A friend of mine who had both A1 and Z9, was always unhappy with Z9's focus tracking, compared to A1, for Osprey dives in local ponds. He used to send a group of us email after each shooting episode and complained about how bad the tracking was giving examples of missed shots etc. with Z9. Next day he would send another email showing how good A1's tracking was on that day. Since the release of 4.1, he has stopped sending his email complaints about Z9 - it must be a good thing. Then again, the Ospreys have left our shores. and he may not have the same kind of scenario to test it against. From my own experience. all in all 4.1 is certainly way better than all previous firmware versions.

Now the question is: Will Nikon continue improving the firmware on Z9 or release a different body with the next version of improved firmware as a ploy to sell more hardware?
 
Now the question is: Will Nikon continue improving the firmware on Z9 or release a different body with the next version of improved firmware as a ploy to sell more hardware?
I can't remember where it was posted but I do remember reading that Nikon has stated their commitment to upgrading camera functions via firmware when possible. No doubt in time new hardware will be released but unless they change their path they'll release firmware updates to the high end cameras at least until some new feature comes along that requires new hardware.

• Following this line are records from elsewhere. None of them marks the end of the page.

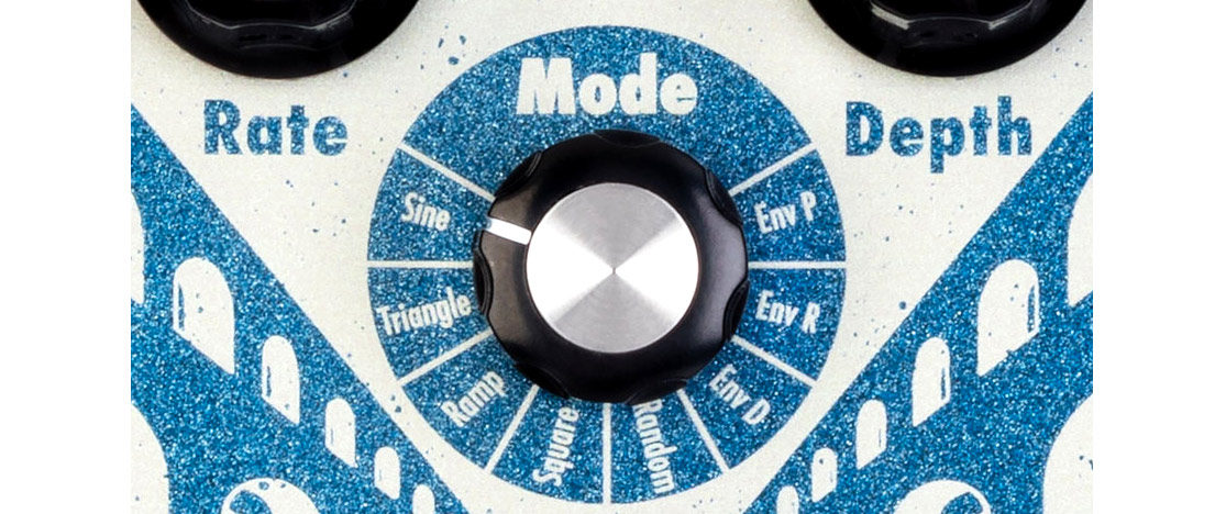 - Env D: Profondità dell’effetto a controllo d’inviluppo. Un’onda sinusoidale controllata in velocità dal controllo Rate, mentre Depth serve a determinare il punto in cui l’effetto viene innescato dalla mano dello strumentista. Intensità di modulazione proporzionale alla forza della pennata sulle corde.
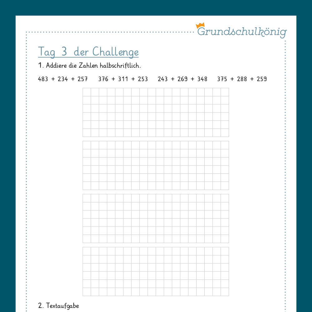 7-Tage-Challenge zum halbschriftlichen Verfahren der Addition, 3. Klasse
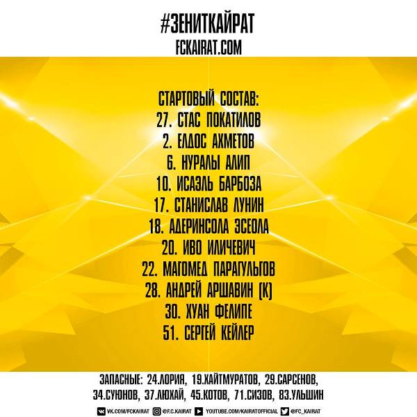 Состав «Кайрата» на игру:

I suspect a new flagship camera will show up when advances in hardware or things like additional programmable function buttons or new form factor drive a newer design and they won't just release a similar looking and similar hardware Z9 or Z8 as a way to bundle new firmware features. Where it gets tricky is when some new function requires internal changes like a lot more memory or a faster processor as these don't always require a big outward change in appearance but may be necessary to add a new feature.
 

"Our concept is to ensure that we continuously enhance the product over time with updates. Post-launch, we've already done large-scale firmware updates twice, adding updates with autofocus, pre-capture, 8K60p RAW features, etc. If you compare what we launched in the market and after two firmware updates, it's almost two different things. Our aim is to continue to provide excitement and surprise to those who are fans of our products."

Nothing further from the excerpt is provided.